The AP cited a leader of the MQM, Haider Razvi, who said the party “wanted Zardari as president because of his past sacrifices and for his ‘wisdom and vision’ in handling Musharraf’s ouster.” The official advocated the next president be from outside Punjab, and noted that Zardari – a Sindhi – was “most eligible” for the job. The MQM, added the news agency, “dominates Karachi, Pakistan’s biggest city, and other urban areas in the southern province of Sindh and recently buried its long animosity with Zardari’s Pakistan People’s Party.”

An article released by Geo TV’s website today reported that Zardari thanked MQM chief Altaf Hussein for his “positive role during the political developments over the last few days.” In a statement released Wednesday, Zardari asserted, “I am thankful to all democratic forces including MQM that helped coalition government achieve key objective of forcing President Musharraf to resign.”

As speculation over Pakistan’s next president is likely to increase, news of clashes within the coalition government continues. According to the NY Times on Wednesday, “Political order in Pakistan frayed further on Tuesday, the day after President Pervez Musharraf resigned, raising questions about who in the deeply divided civilian government would be in charge and for how long.” The news agency added:

The instant deterioration in relations within the government became evident when Nawaz Sharif, the leader of one of the two major parties in the governing coalition, the Pakistan Muslim League-N, walked out of a meeting here over the restoration of the chief justice of the Supreme Court, who had been dismissed by Mr. Musharraf. He then headed back to his home in Lahore, a four-hour drive away.

An article in The News today seemed to affirm these reports. According to the piece, “Because of the recurrence of their [the PPP and PML-N] differences on the judges issues, the situation at one stage was so tense between the two leading coalition partners that some of those present in the meeting room of the Zardari House feared that the coalition might collapse sooner than later.” Dawn, in its coverage, echoed that coalition leaders failed to resolve their differences on the judiciary restoration, since both sides “refused to relax” their stance on the issue. The news agency added, “Sources told Dawn that Awami National Party president Asfandyar Wali Khan saved the day for the coalition by offering to play the role of a mediator between the two parties.”

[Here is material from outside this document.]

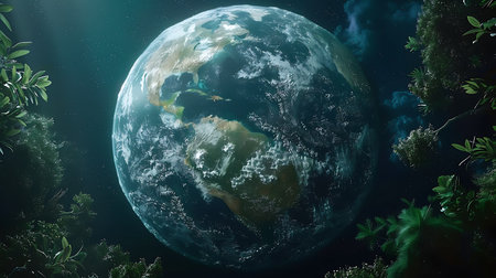 An artistic rendering features a smartphone displaying a globe covered in dense green foliage. The composition uses a vibrant green background, emphasizing the ecological theme. The image's lighting is soft, and the texture suggests a natural, organic environment. This concept could be utilized in various digital media or promotional materials.
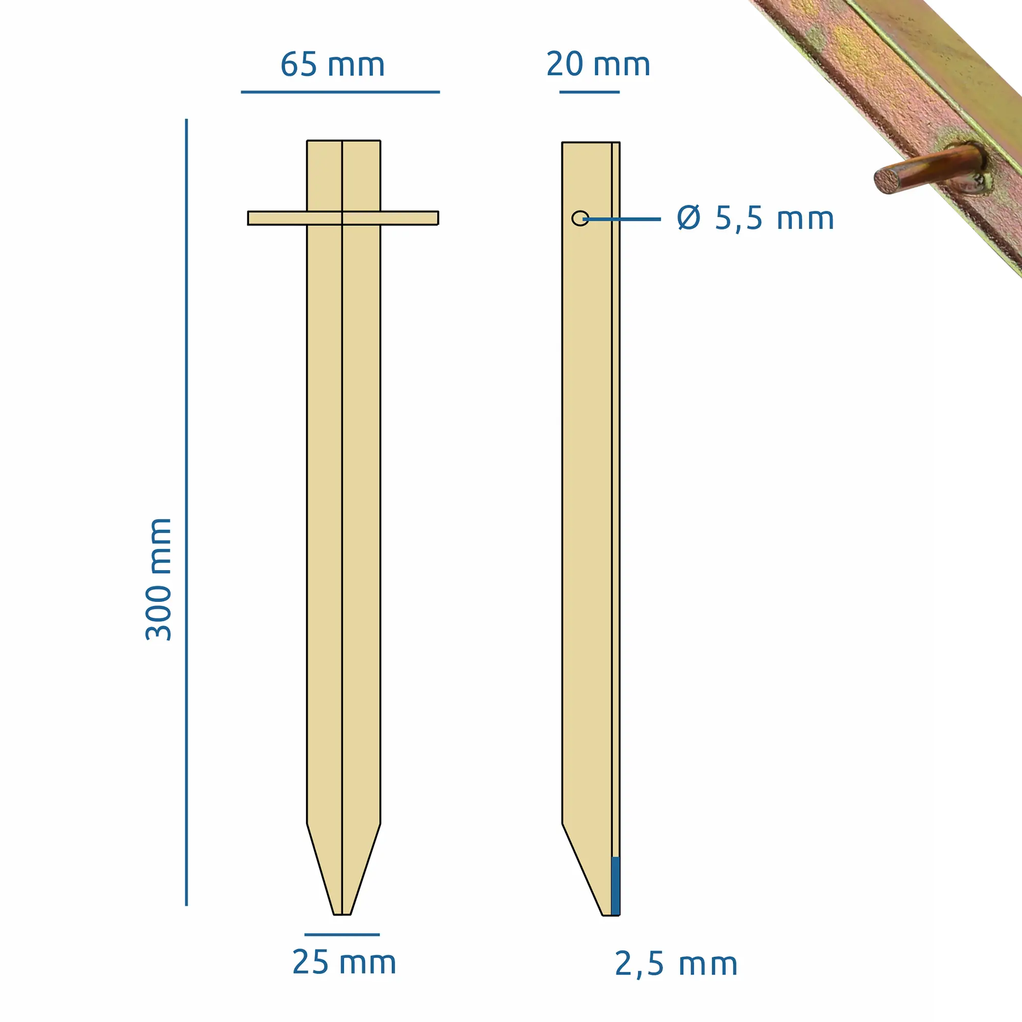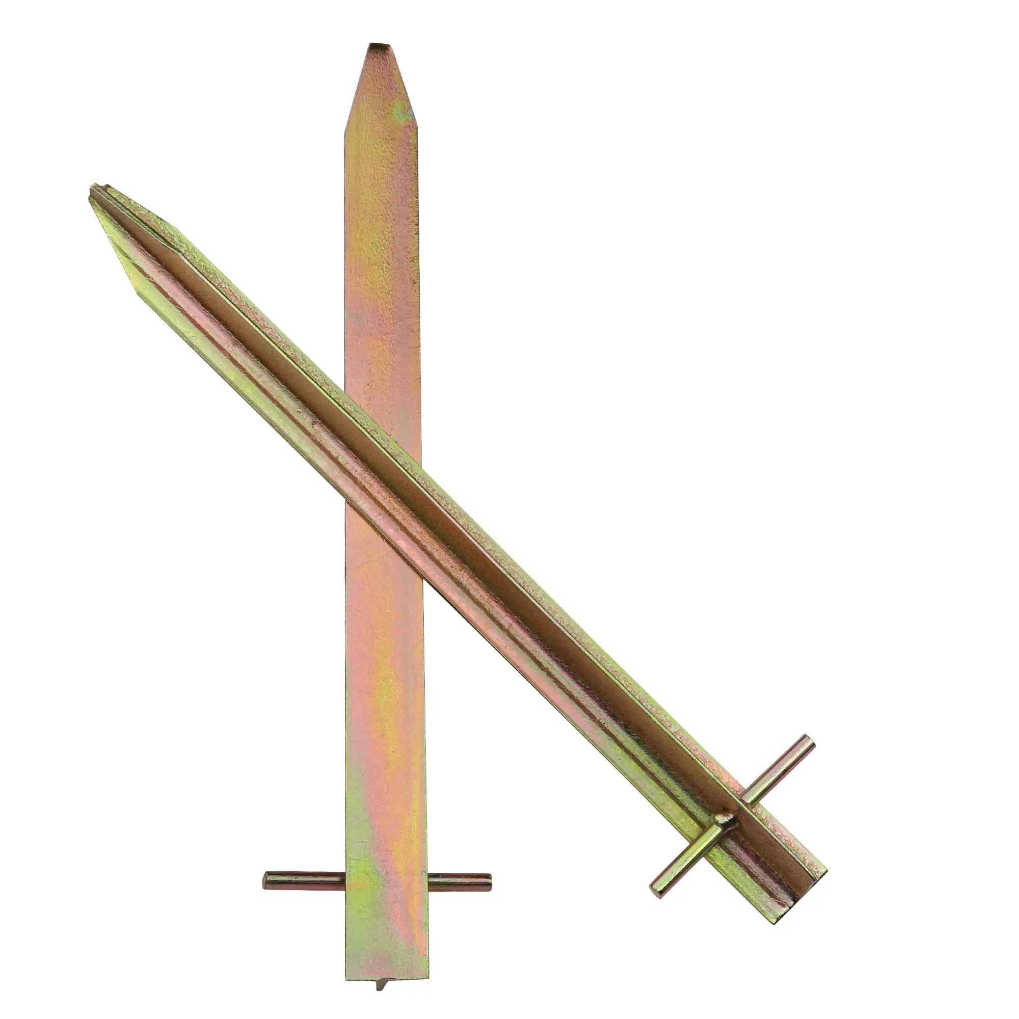 - Hering mit extrem stabilem T Profil, der unten spitz zuläuft. Robuster und langlebiger Bodenanker, geeignet für Böden wie Wald, Wiese, Sand und steinige Böden

What exactly is the issue over the judiciary? While Nawaz Sharif centered his political campaign around the reinstatement of the judges suspended by Musharraf, particularly Chief Justice Iftikhar Muhammad Chaudhry, Zardari “has made it clear that he does not want Mr. Chaudhry back on the bench,” noted the NY Times. The news agency added, “He prefers the chief justice installed by Mr. Musharraf after he imposed emergency rule in November, Abdul Hamid Dogar.” Given the iconic status of Chaudhry for the lawyers’ movement, compromising on his reinstatement seems unlikey. In fact, noted the Times, the movement regards Mr. Dogar as an illegal appointee. However, noted the news agency, “Mr. Dogar comes from Sindh Province, Mr. Zardari’s political base, and the two men are friendly.” [Image from Dawn]

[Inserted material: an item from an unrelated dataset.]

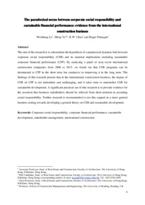 Lu, W., Ye, M., Chau, K. W. and Flanagan, R. (2018) The paradoxical nexus between corporate social responsibility and sustainable financial performance: evidence from the international construction business. Corporate Social Responsibility and Environmental Management, 25 (5). pp. 844-852. ISSN 1535-3958 doi: 10.1002/csr.1501

Zardari’s reported unease with reappointing Chaudhry lies in the fear that the chief justice might undo an amnesty agreement that absolved the PPP co-chairman of corruption charges, part of a package arranged by Musharraf when Zardari returned to Pakistan with his late wife, former PM Benazir Bhutto. Such a development would of course complicate Zardari’s reported aspirations for the presidency.

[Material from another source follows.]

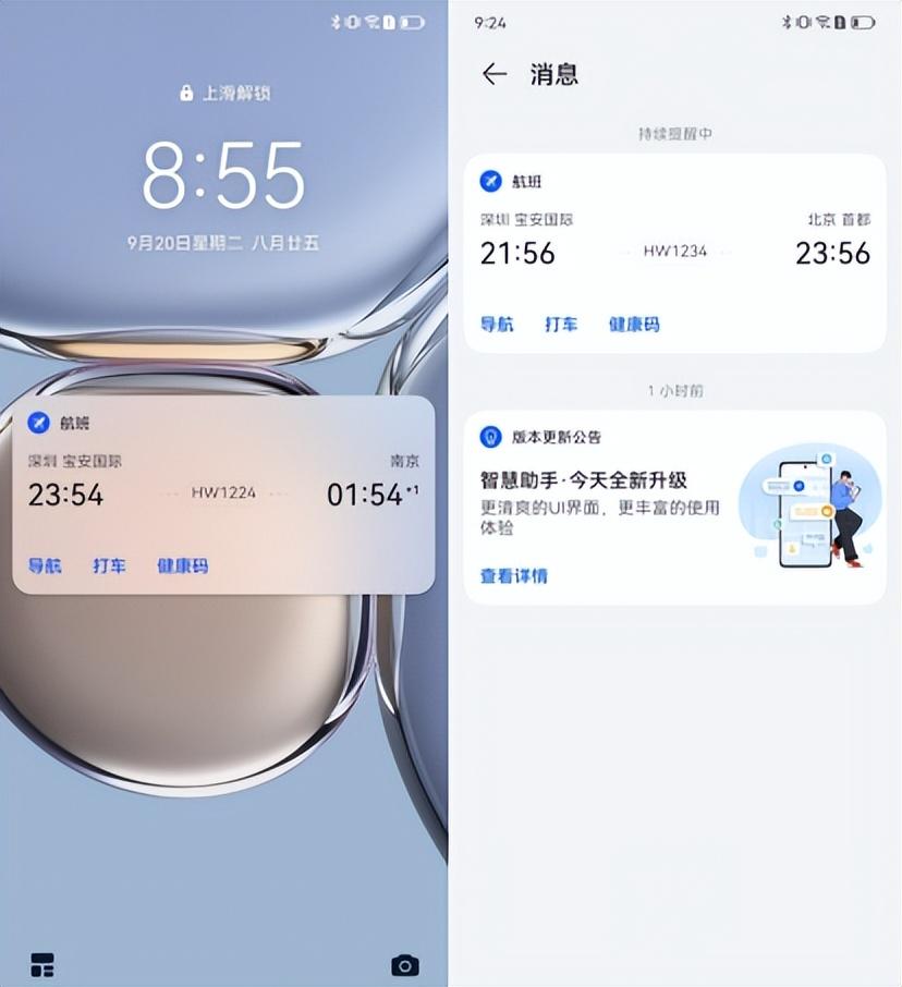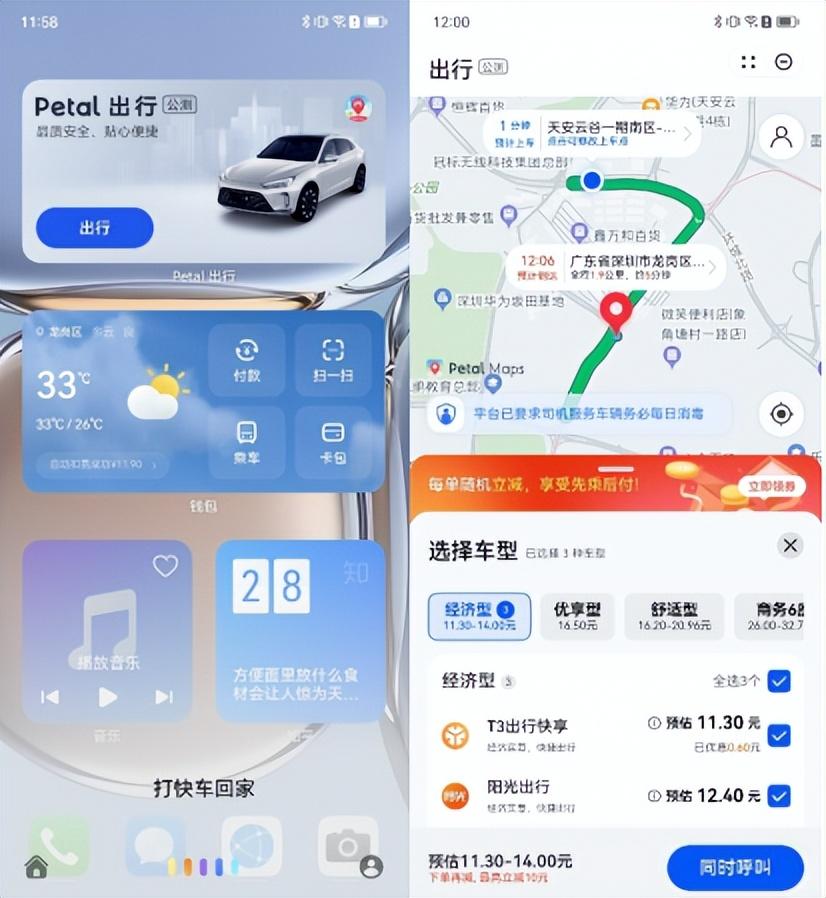Petal 出行还基于负一屏航班、高铁、通勤智能提醒卡片,支持行程出发及到达时便捷打车。只要从手机主桌面右滑一下进入负一屏,即可基于航班/高铁行程,贴心弹出行程提醒卡片,并展现实时航班/高铁信息。而当需要前往机场、高铁站时,也无需再打开App叫车,点击行程提醒卡片上的【打车】就能一键调出Petal 出行,妥妥的智慧出行小助手。

Although officials like the ANP’s Asfandiyar Wali Khan and Pakistan’s ambassador to the United States Hussain Haqqani have played down the disputes between coalition members, it seems we may be headed towards yet another political deadlock, a development that has serious ramifications for the future of this government. That is, of course, unless a miraculous compromise is reached during the next coalition meeting, slated to take place Friday. Dawn reported today that the ANP leader and Jamiat Ulema-i-Islam-F (JUI-F) chief Maulana Fazlur Rehman “are expected to come up with a solution” for that session.

Meanwhile, the security situation remains increasingly volatile. According to media coverage, a suicide attack in the FATA region Tuesday, for which the [Pakistani] Taliban claimed responsibility, killed 32 people and wounded 55 in Dera Ismail Khan, a town near Waziristan. The NY Times cited a police chief who said the bombing “was part of continuing sectarian strife between Sunni and Shiites.” Many of the dead were Shiites, media sources reported, although two police officers were also killed in the attack. The NY Times also reported, In another unexpected move after Mr. Musharraf’s resignation, the chief of staff of the Pakistani Army, Gen. Ashfaq Parvez Kayani, visited the Afghan capital, Kabul, on Tuesday…the first time the Pakistani general had attended a meeting of the commission in Kabul since assuming command of the Pakistani military in November.” [Image from NY Times]

How do issues related to security and economic problems factor into the political environment? Simple – The longer this coalition government argue over the current judiciary issue, the more distracted they are from these other problems. Moreover, a fracture in the coalition, as has occured in the past, would create a power vacuum that would inevitably have dangerous repurcussions for Pakistan’s volatile political, economic and security environment.